- Born: 1946 (age 79–80) Culver City, California
- Education: University of California, Berkeley
- Occupations: Author, Literary Agent
- Spouse: Lynda Obst (divorced.)
- Writing career
- Notable work: Too Good to Be Forgotten

= David Obst =

American literary agent and author

David Obst is an American literary agent and author. Obst was the agent of Carl Bernstein and Bob Woodward. He also was involved in the productions of the films Revenge of the Nerds, Fast Times at Ridgemont High, and All the President's Men.

== Early life ==
According to Alex Kyczynski of The New York Times, Obst says he was born in 1946, in Culver City, California. He attended the University of California, Berkeley.

==Career==

Around 1969 Obst went to Taiwan to study the Chinese language and later moved to Washington, DC where he became Seymour Hersh's literary agent. Obst had also associated with activist Abbie Hoffman. Obst wrote the memoir Too Good To Be Forgotten: Changing America in the '60s and '70s, which was published in 1998. In a review of the book, Hersh stated that Obst was "in the middle of" important political movements in the 1960s and 1970s. By 1977 Obst had about 50 clients. Obst was an anti-Vietnam war activist and was able to avoid being drafted into the Vietnam War by the Culver City draft board by stating that, "They could throw me (Obst) in jail or let me do something useful with my life."

On 1 February 1977 an article was published in the New York Magazine by Matthew Klein, stating that "David Obst, superagent, becomes David Obst, publisher, with a family attachment to Random House. Obst stated that he had less success as a publisher compared to being an agent. He did however publish a series of books called Roadfood, a guide to highway restaurants.

In 1998 Obst further explained the idea Deep Throat was non-existent in a New York Times interview (this was originally revealed in Obst's memoir Too Good To Be Forgotten).

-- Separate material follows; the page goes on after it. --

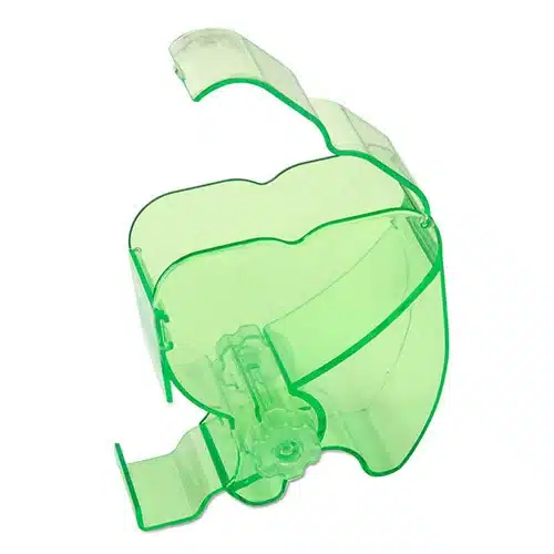 - Il dispenser presenta una forma di molare realizzata in materiale plastico trasparente. Questo design non solo aggiunge un tocco estetico al contesto dello studio, ma facilita anche la riconoscibilità del dispenser, rendendolo facilmente identificabile in mezzo ad altri strumenti.

In 2025, he wrote Saving ourselves from Big Car where he contends that the motor vehicle industry (which he refers to as Big Car) has been responsible for the loss of human life and other global issues.

==Personal life==
Obst married and later divorced Lynda Obst. From 1986 to 1990 he was married to Rachael Worby. In 1990 he began dating his future wife, Jane Gottleib. As of 2022 he lived in Santa Barbara, California.

==Publications==
- Obst, David (1998). "Too Good to Be Forgotten: Changing America in the '60s and '70s"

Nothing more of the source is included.